Таким образом, в русское понимание русской истории был искусственно, иногда насильственно, введен целый ряд понятий, которые, по формулировке В. О. Ключевского, «не соответствовали ни русской, ни иностранной действительности», то есть не соответствовали никакой действительности в мире: пустой набор праздных слов, заслоняющий собою русскую реальность. С одной стороны, питомцы западноевропейских кафедр, кое-как переводившие «иностранные речения» на кое-какую французско-нижегородскую мову, с другой стороны – питомцы дворянских усадеб, почти начисто забывшие русский язык. Пушкинская Татьяна «изъяснялася с трудом на языке своем родном».

Социальный заказ победившего социального слоя, понятия, не соответствовавшие никакой действительности в мире, язык, в котором не было места для обозначения чисто русских явлений, – все это привело к тому, что любой труд по истории России переполнен сплошными внутренними противоречиями, не говоря уже о полном несоответствии этих трудов с элементарнейшими фактическими данными русской истории.

Левые историки предпочитают сообщить своим читателям заведомую неправду. Правые вынуждены вилять. В качестве истинно классического примера последнего метода научно-исторической оценки я приведу мнение о Петре Первом Льва Тихомирова – теоретика и историка русского монархизма.

На стр. 161 второго тома своей «Монархической Государственности»{Издание Технического Центра Зарубежных Организаций Русской Национально-Мыслящей Молодежи. Мюнхен, 1923. (Прим. авт.)} Л. Тихомиров пишет: «Я глубоко почитаю его гений и нахожу, что он не в частностях, а по существу делал именно то, что было нужно».

Итак – «гений». И кроме того, «гений», связь которого с нацией была «исключительно тесной». Так отдает Лев Тихомиров дань официальной фразеологии. И, отдав дань, делает некоторые выводы. «Учреждения Петра были фатальны для России и были бы еще вреднее, если бы оказались технически хороши. К счастью, в том виде, в каком их создал Петр, они были еще неспособны к сильному действию».

И еще дальше: «Исключительный бюрократизм разных видов и полное отстранение нации (а где же «исключительная связь с нацией»? – И. С.) от всякого присутствия в государственных делах делают из якобы «совершенных» учреждений Петра нечто в высокой степени регрессивное, стоящее и по идее и по вредным последствиям бесконечно ниже московских управительных учреждений» (т. 2, стр. 163).

Итак, «реформатор», создавший учреждения бесконечно худшие, чем прежние. «Гений», задумавший «фатальные учреждения», «гений», у которого, слава богу, не хватило гениальности сделать эти «учреждения» «технически хорошими». В. Ключевский горестно повествует о том, как все послепетровские правительства пытались как-то выпутаться из «петровской традиции» и противоречит себе так же, как и Л. Тихомиров. С одной стороны – «гений», с другой – «хороший плотник, но плохой государь». О стратегическом «гении» и говорить нечего.

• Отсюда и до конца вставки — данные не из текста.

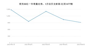 2021年5月,领克02销量为911辆,同比下降64.77%,环比下降12.66%。1-5月份,领克02销量为5794辆,同比下降34.95%。在最近1年中,领克02销量在2021年01月达到最高,销量为1477辆。

Умели ли Л. Тихомиров и В. Ключевский логически мыслить? Надо полагать – умели. Могли ли они не заметить их общей оценки «гения» и тех примеров и выводов, которые сами же они делают? Вероятно, замечали. Но с одной стороны был «социальный заказ» и с другой – какая-то тяга и к правде, и к логике. Вот откуда и идут логические несообразности наших историков.

Для Народно-Монархического Движения эпоха Петра и его «реформ» является исходной идейной точкой, точкой отталкивания: именно в эту эпоху было начерно оформлено идейное завоевание России Западом и физическое – шляхетством. Оно было начато до Петра и закончено после него, обнимая собою промежуток почти в 200 лет. По общечеловеческому тяготению ко всякой символизации в центре этого завоевания поставлена совершенно вымышленная фигура «гиганта на бронзовом коне», по А. С. Пушкину, по Л. Толстому – «зверя» и проч. – толстовская характеристика имеет совершенно непечатный характер. Самое поверхностное сопоставление самых общеизвестных данных, связанных самой элементарной логикой, показывает, что если сам Петр Первый и играл в этом какую бы то ни было роль, то чисто пассивную роль прикрытия над теми социальными силами, которые после разгрома патриархата – при патриархе Никоне – занялись разгромом монархии при Петре и в XVIII веке достигли почти полного успеха. Л. Тихомиров так и пишет: «Монархия уцелела только благодаря народу, продолжавшему считать законом не то, что приказал Петр, а то, что было в умах и совести монархического сознания народа» (стр. 112).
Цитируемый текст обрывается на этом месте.